ABOUT THIS TASK -
Using the data beneath this instruction, retype only the lines from the one that contains "M29W040B Table 5" down to the one that contains "Make your own", both included, exactly as they appear.

RECORDS FOR THIS TASK -

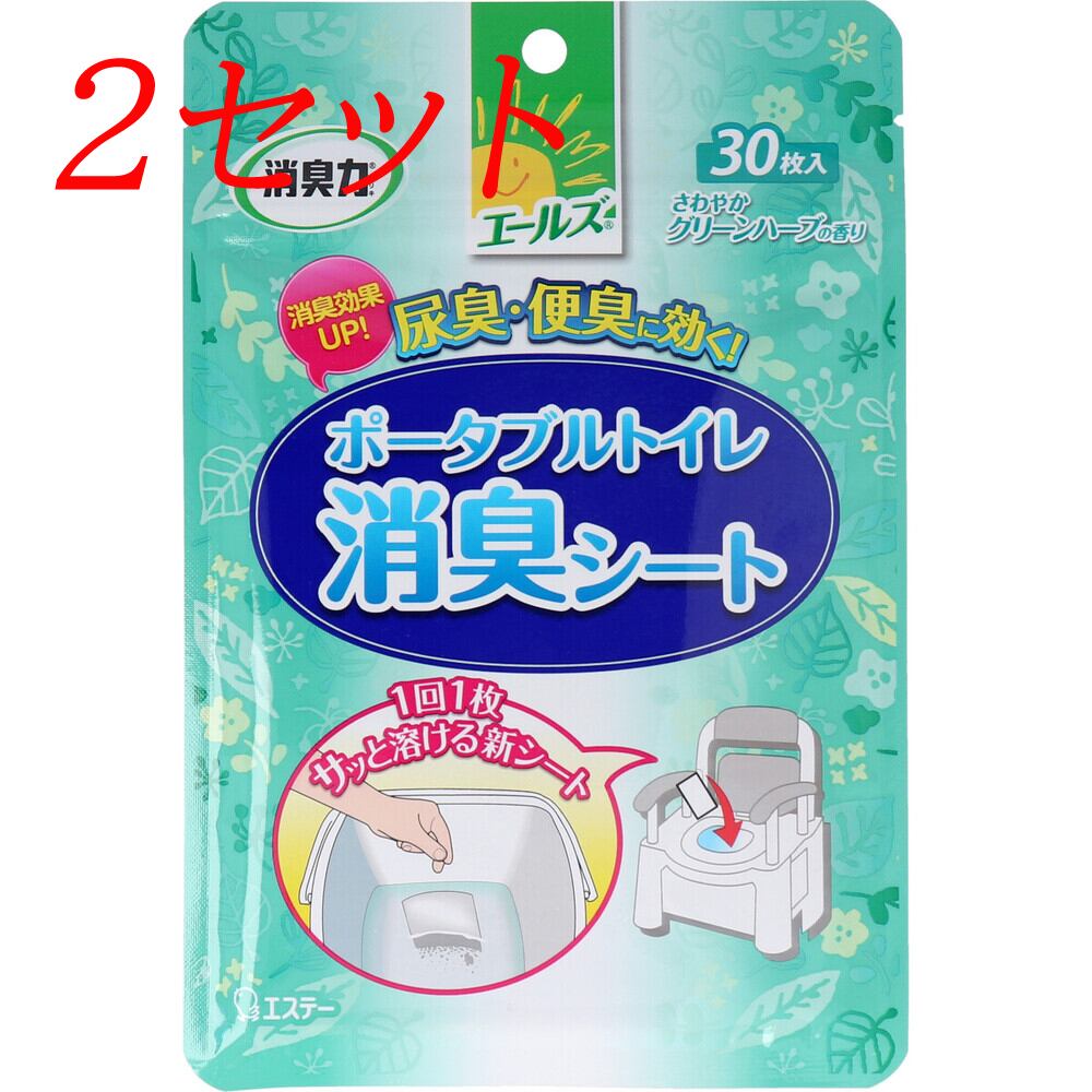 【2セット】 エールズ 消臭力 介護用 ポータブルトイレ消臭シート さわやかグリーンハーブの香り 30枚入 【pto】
==
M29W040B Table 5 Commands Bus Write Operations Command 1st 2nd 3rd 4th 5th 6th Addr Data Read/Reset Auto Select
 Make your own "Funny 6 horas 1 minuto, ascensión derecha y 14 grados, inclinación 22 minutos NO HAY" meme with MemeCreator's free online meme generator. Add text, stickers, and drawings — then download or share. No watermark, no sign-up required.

ANSWER BELOW -
M29W040B Table 5 Commands Bus Write Operations Command 1st 2nd 3rd 4th 5th 6th Addr Data Read/Reset Auto Select
 Make your own "Funny 6 horas 1 minuto, ascensión derecha y 14 grados, inclinación 22 minutos NO HAY" meme with MemeCreator's free online meme generator. Add text, stickers, and drawings — then download or share. No watermark, no sign-up required.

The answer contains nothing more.